As an example, let’s say a project is using Spring, which depends on OkHttp. Writing code that uses types from OkHttp is as easy as letting the IDE add the import statements it helpfully suggests. The code will compile and run because the build tool will make sure Spring and all its dependencies, including OkHttp, are present at all times. This makes it unnecessary to declare the dependency on OkHttp, so it’s easily forgotten. (See figure 3.9.)

As a consequence, a dependency analysis of the project would deliver misleading results, based on which problematic decisions could be made. The OkHttp version also isn’t fixed and depends entirely on what Spring uses. If that version is updated, the code depending on OkHttp is silently running on a different version, creating the real risk that the program will misbehave or crash at run time.

Due to the module system’s requirement that the accessing module must read the accessed module, this can no longer happen. Unless the project declares its dependency on OkHttp by using a requires directive, the module system won’t allow it to access OkHttp’s classes. This way it forces you to keep your configuration up to date.

Note that modules have the ability to pass their own dependencies on to modules that depend on them with a feature called implied readability. Check section 11.11 for details.

3.3.3 Encapsulation skirmishes

As we did with readability, let’s break things! But before we do so, I want to show a scenario that follows all the rules and works. Once again, it’s based on the ServiceMonitor application introduced in chapter 2.

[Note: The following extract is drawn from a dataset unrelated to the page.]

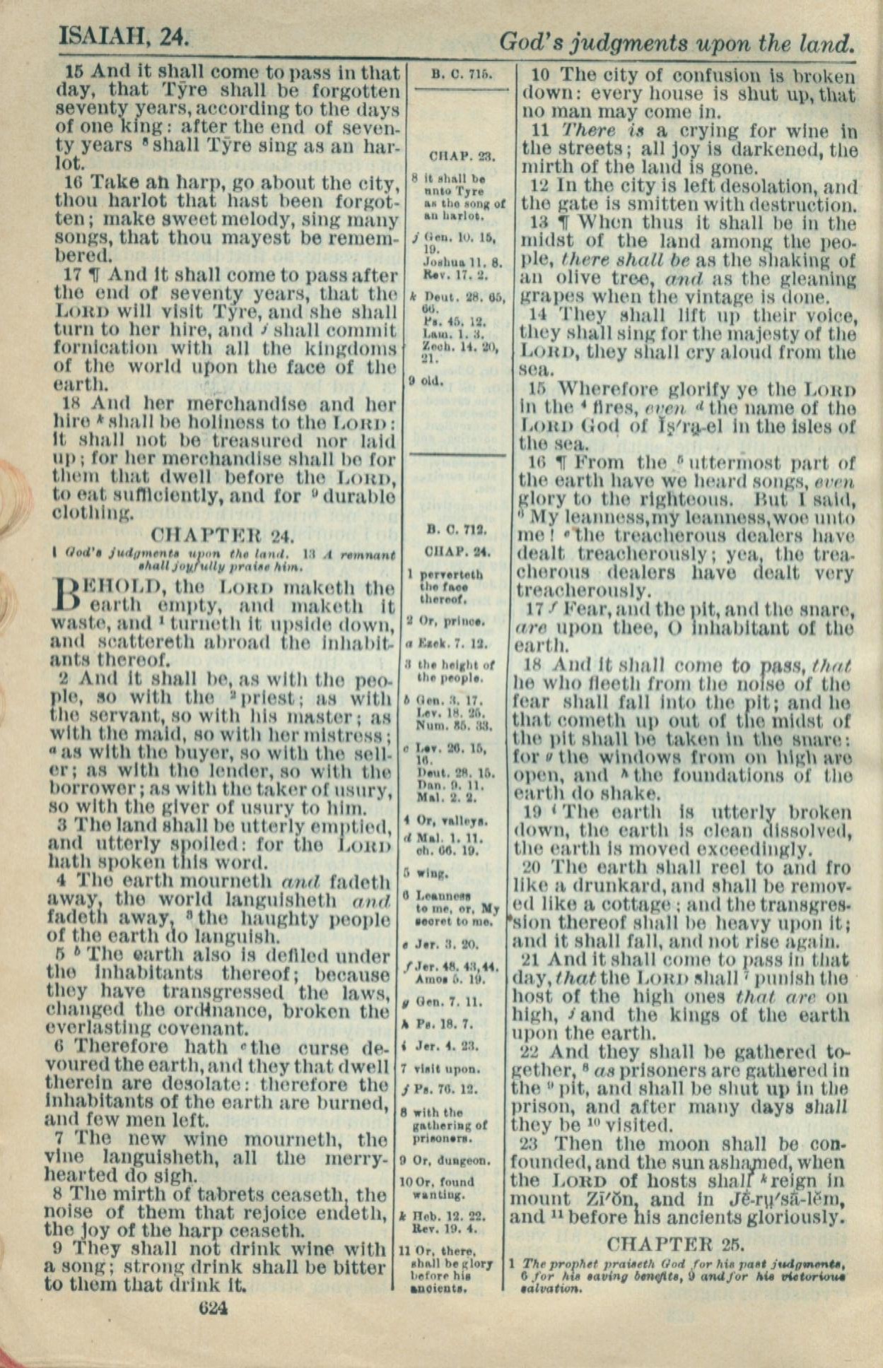 1916年Holy Bible 以賽亞書 23 章 15 節到 24 章 23 節

For the sake of these examples, assume that the module monitor.observer contained in its package monitor.observer a class DisconnectedServiceObserver. What it does is irrelevant: what counts is that it implements ServiceObserver, that it has a constructor that doesn’t require any arguments, and that the monitor module uses it.

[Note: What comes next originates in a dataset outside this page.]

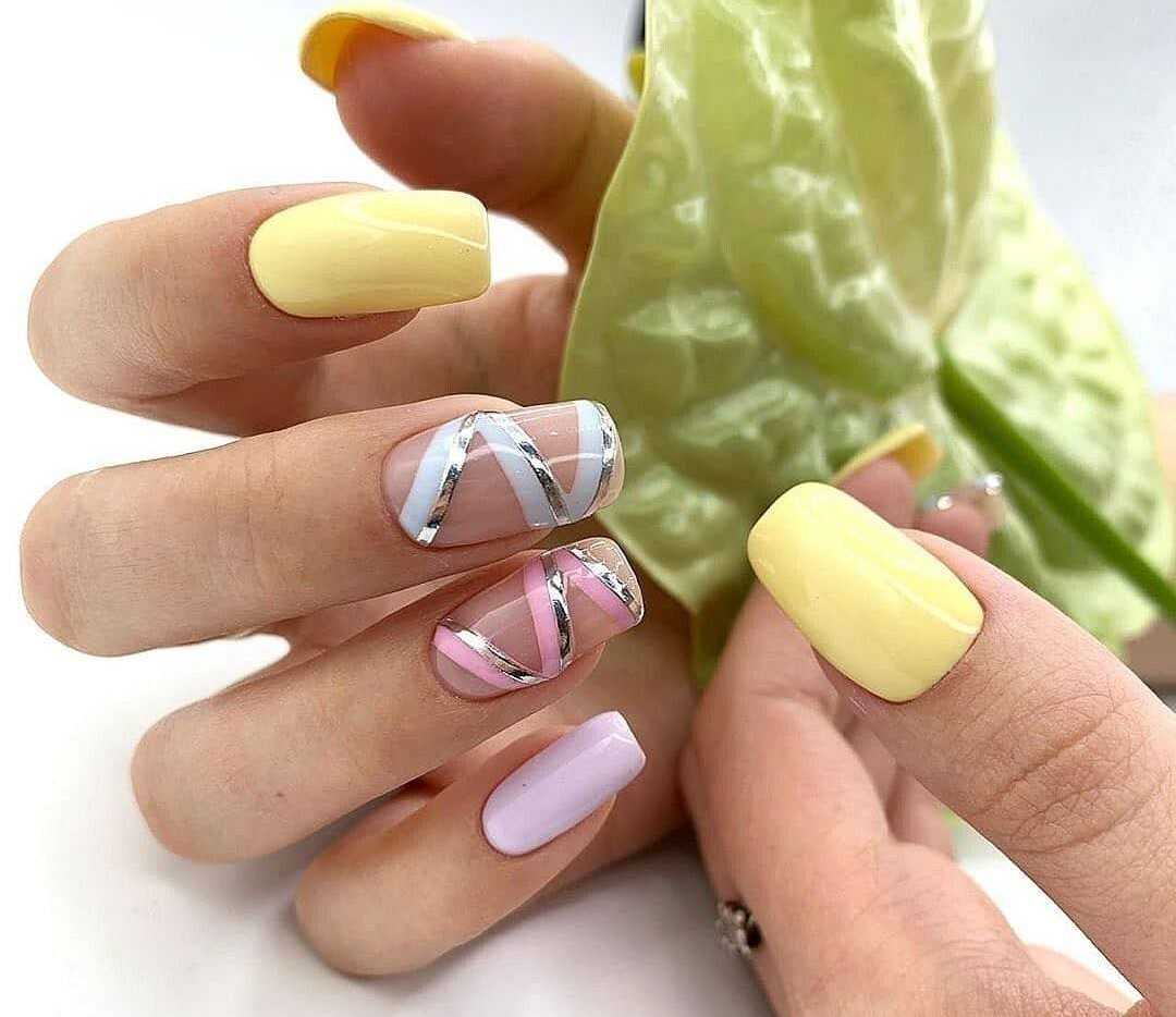 Ярким вариантом маникюра на квадратные ногти станет желтый, красный или розовый дизайн в стиле негативного пространства. Непрокрашенные участки придадут квадратным ноготкам утонченности и свежести.

The module monitor.observer exports monitor.observer and DisconnectedServiceObserver is public. This fulfills the first two accessibility requirements, so other modules can access it if they read monitor.observer. The module monitor fulfills that precondition, too, because it requires module.observer in its module declaration. Taken together (figure 3.10 and listing 3.1), all requirements are fulfilled, and code in monitor can access DisconnectedServiceObserver. Accordingly, compilation and execution are error-free. Let’s fiddle with the details and watch how the module system reacts.

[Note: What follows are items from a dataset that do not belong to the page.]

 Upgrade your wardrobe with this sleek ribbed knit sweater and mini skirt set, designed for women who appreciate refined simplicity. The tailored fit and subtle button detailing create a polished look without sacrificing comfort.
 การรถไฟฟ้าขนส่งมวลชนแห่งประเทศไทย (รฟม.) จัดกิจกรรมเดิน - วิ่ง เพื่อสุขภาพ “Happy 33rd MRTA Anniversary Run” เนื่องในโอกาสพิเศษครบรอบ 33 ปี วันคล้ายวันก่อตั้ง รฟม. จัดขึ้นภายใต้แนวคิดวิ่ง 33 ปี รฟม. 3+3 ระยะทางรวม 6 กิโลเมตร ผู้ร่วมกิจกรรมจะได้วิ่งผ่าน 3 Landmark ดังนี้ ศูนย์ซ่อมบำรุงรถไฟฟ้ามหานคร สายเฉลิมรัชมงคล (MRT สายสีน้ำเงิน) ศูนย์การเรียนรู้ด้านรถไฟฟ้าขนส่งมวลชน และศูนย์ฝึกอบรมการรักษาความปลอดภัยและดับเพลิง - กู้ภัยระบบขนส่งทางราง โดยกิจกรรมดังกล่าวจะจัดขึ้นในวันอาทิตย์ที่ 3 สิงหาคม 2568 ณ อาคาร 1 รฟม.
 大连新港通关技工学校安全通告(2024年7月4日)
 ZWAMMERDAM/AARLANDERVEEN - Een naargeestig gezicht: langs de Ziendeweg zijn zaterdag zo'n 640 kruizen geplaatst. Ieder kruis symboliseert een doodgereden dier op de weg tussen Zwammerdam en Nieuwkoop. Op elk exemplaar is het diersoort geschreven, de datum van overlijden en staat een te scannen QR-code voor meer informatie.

Listing 3.1 DisconnectedServiceObserver, accessible by monitor

// --- TYPE DisconnectedServiceObserver ---
package monitor.observer;

public class DisconnectedServiceObserver  //    ①  
  implements ServiceObserver {
 // class body truncated
}

// --- MODULE DECLARATION monitor.observer ---
module monitor.observer {
 exports monitor.observer;  //  ②  
}

// --- MODULE DECLARATION monitor ---
module monitor {
 requires monitor.observer;  //  ③  
 // other requires directives truncated
}

Type not public

If DisconnectedServiceObserver is made package-visible, compilation of monitor fails. More precisely, the import causes the first error:

> monitor/src/main/java/monitor/Monitor.java:4: error:
>     DisconnectedServiceObserver is not public in monitor.observer;
>     cannot be accessed from outside package
> import monitor.observer.DisconnectedServiceObserver;
>                        ^

Accessing package-visible types from another package wasn’t possible before Java 9, either, and for that reason the error message is nothing new—you’d get the same one without the module system in play.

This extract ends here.